Esta nueva comunicación, comparándola con la tradicional, ha asumido una gramática expresiva específica y es necesario, por lo tanto, estar preparados no sólo en el plano técnico, sino también cultural para dicha empresa. En un tiempo dominado por la imagen, propuesta especialmente desde el medio hegemónico de la comunicación que es la televisión, es todavía significativo y sugestivo el modelo privilegiado por Cristo. Él recurría al símbolo, a la narración, al ejemplo, a la experiencia diaria, a la parábola: “Todo esto lo decía Jesús a la muchedumbre por medio de parábolas […] y no les hablaba sin parábolas” (Mt 13, 3.34). Jesús en su anuncio del reino de Dios, nunca se dirigía a sus interlocutores con un lenguaje vago, abstracto y etéreo, sino que les conquistaba partiendo justamente de la tierra, donde apoyaban sus pies para conducirlos de lo cotidiano, a la revelación del reino de los cielos. Se vuelve entonces significativa la escena evocada por Juan: “Algunos quisieron prenderlo, pero ninguno le echó mano. Los guardias volvieron a los principales sacerdotes y a los fariseos. Y ellos les preguntaron: ¿Por qué no lo trajiste? Los guardias respondieron: “Jamás hombre alguno habló como este hombre” (7, 44-46).

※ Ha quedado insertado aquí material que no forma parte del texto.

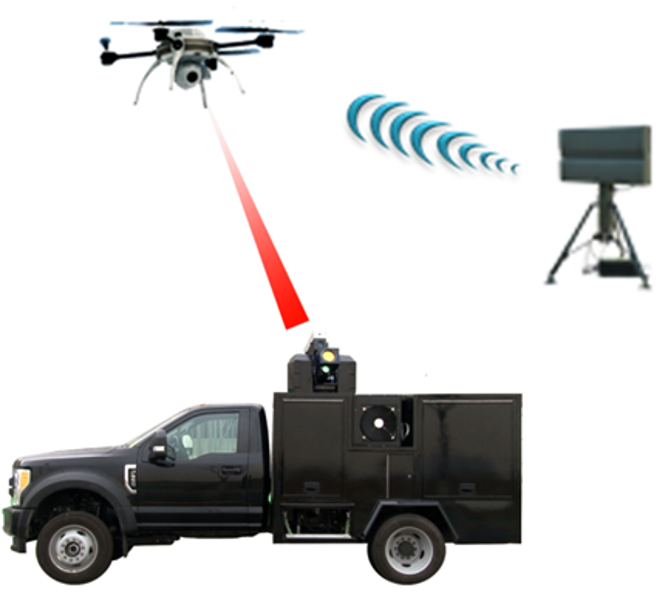 强激光毁伤设备是利用雷达探测提供预警信息,引导跟踪瞄准系统自动对目标进行锁定、实现精确跟踪和瞄准,发射高能激光束,利用高能激光束照射目标,对空中来袭的“低小慢”目标实施激光毁伤,对目标实施精确打击,从而实现对重要活动及重点区域的安保防护作用。
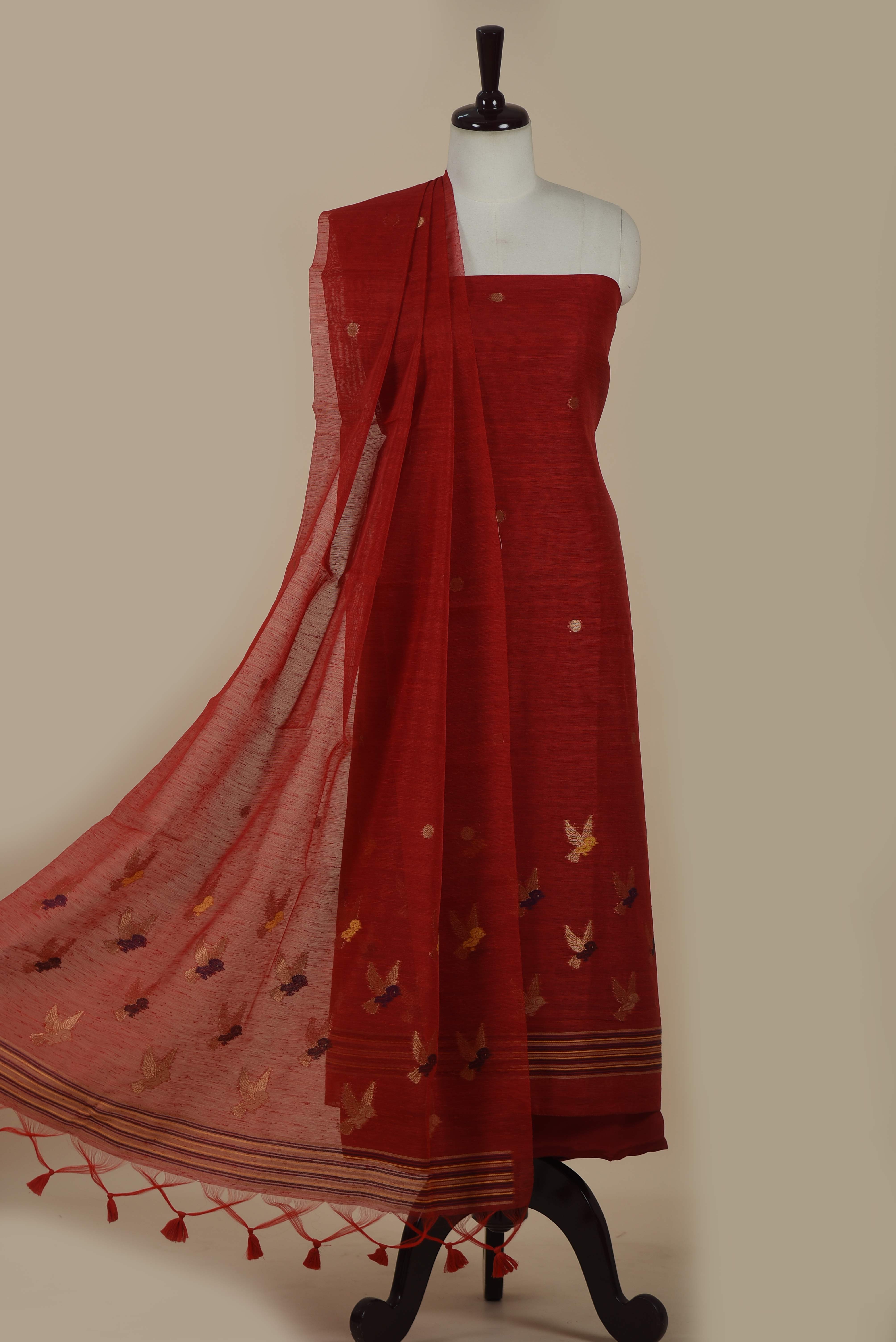 Red Linen Blend Jamdani Woven Unstitched Suit Fabric Set With Linen Woven Dupatta
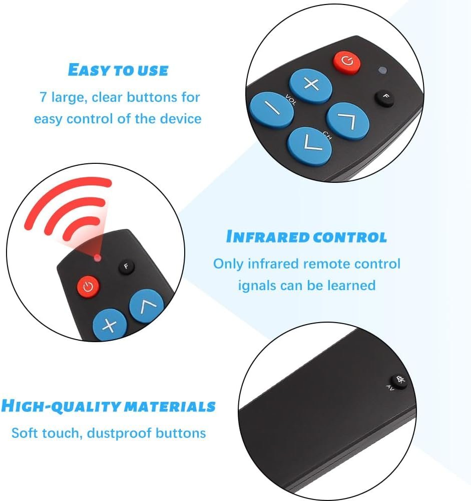 【Un regalo ideal para personas mayores】 El televisor remoto para personas mayores con botones grandes para personas mayores es fácil de usar y tiene funciones completas. El control remoto de aprendizaje universal es un regalo ideal para las personas mayores y les proporciona un control conveniente de los electrodomésticos.
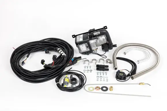 This 12V diesel coolant heater delivers up to 17,000 BTU (5 kW) of heating output. Because it integrates directly into the coolant loop, heat is distributed through the engine block and HVAC system without running the engine.
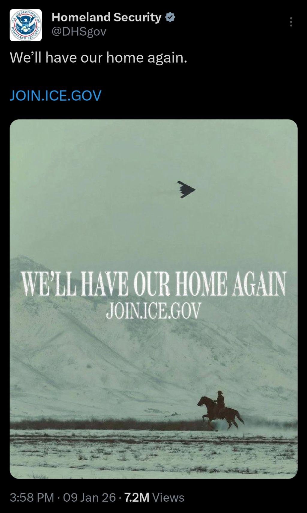 The most controversial ad in the campaign was a paid DHS recruitment post that published less than two days after the fatal shooting in Minneapolis. It paired immigration enforcement footage with the song “We’ll Have Our Home Again” by Pine Tree Riots. Popular in neo-Nazi online spaces, the song includes lyrics about reclaiming “our home” by “blood or sweat.” In the ad, it played as a cowboy rode a horse with a B-2 Spirit bomber flying overhead.
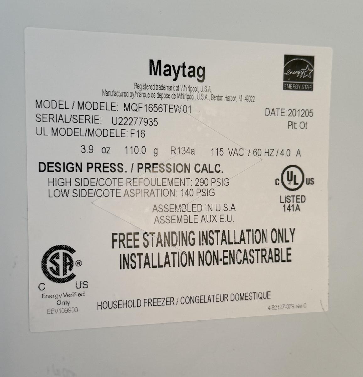 White Maytag Freezer
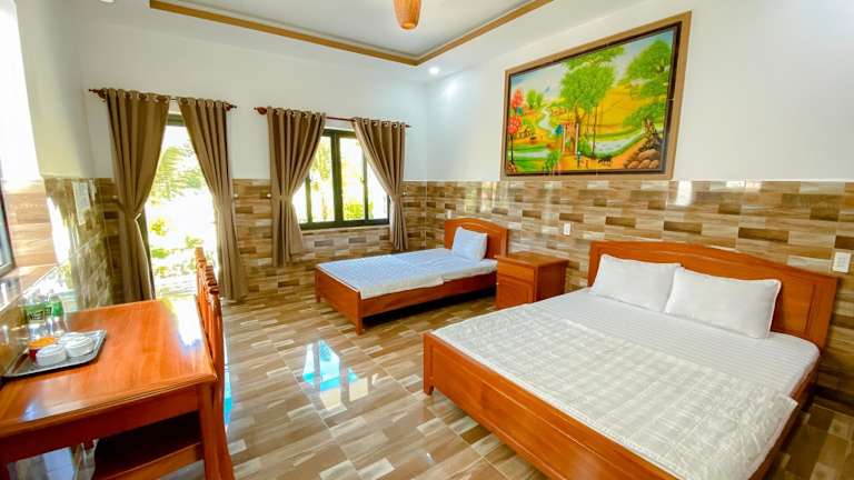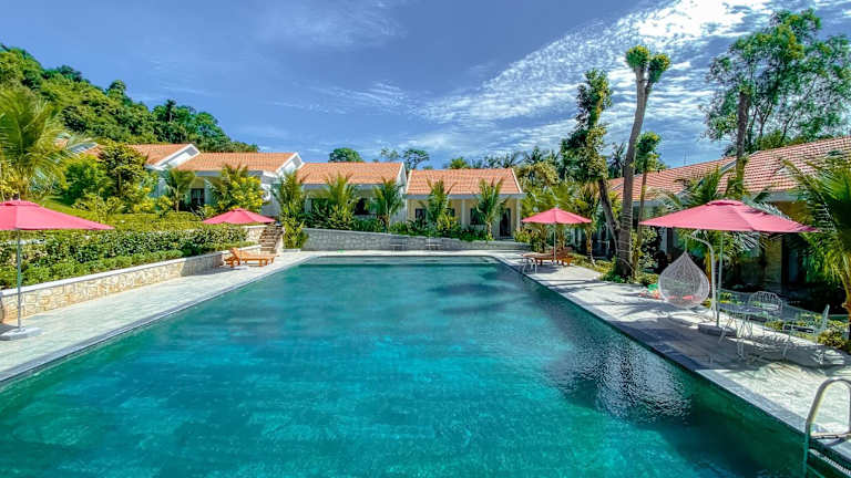 Der Bungalow liegt in einer ruhigen Umgebung und bietet eine schöne Aussicht auf die Berge. In der Nähe gibt es beliebte Sehenswürdigkeiten wie die Pagode Sung Hung und Vinpearl Land Phu Quoc. Der internationale Flughafen Phu Quoc ist nur 1 km entfernt.

12. Cristo camina por las calles de nuestras ciudades y se detiene ante el umbral de nuestras casas: “Mira que estoy a la puerta y llamo; si alguno oye mi voz y me abre la puerta, entraré en su casa, cenaré con él y él conmigo” (Ap 3, 20). La familia, encerrada en su hogar, con sus alegrías y sus dramas, es un espacio fundamental en el que debe entrar la Palabra de Dios. La Biblia está llena de pequeñas y grandes historias familiares y el Salmista imagina con vivacidad el cuadro sereno de un padre sentado a la mesa, rodeado de su esposa, como una vid fecunda, y de sus hijos, como “brotes de olivo” (Sal 128). Los primeros cristianos celebraban la liturgia en lo cotidiano de una casa, así como Israel confiaba a la familia la celebración de la Pascua (cf. Ex 12, 21-27). La Palabra de Dios se transmite de una generación a otra, por lo que los padres se convierten en “los primeros predicadores de la fe” (LG 11). El Salmista también recordaba que “lo que hemos oído y aprendido, lo que nuestros padres nos contaron, no queremos ocultarlo a nuestros hijos, lo narraremos a la próxima generación: son las glorias del Señor y su poder, las maravillas que Él realizó; … y podrán contarlas a sus propios hijos” (Sal 78, 3-4.6).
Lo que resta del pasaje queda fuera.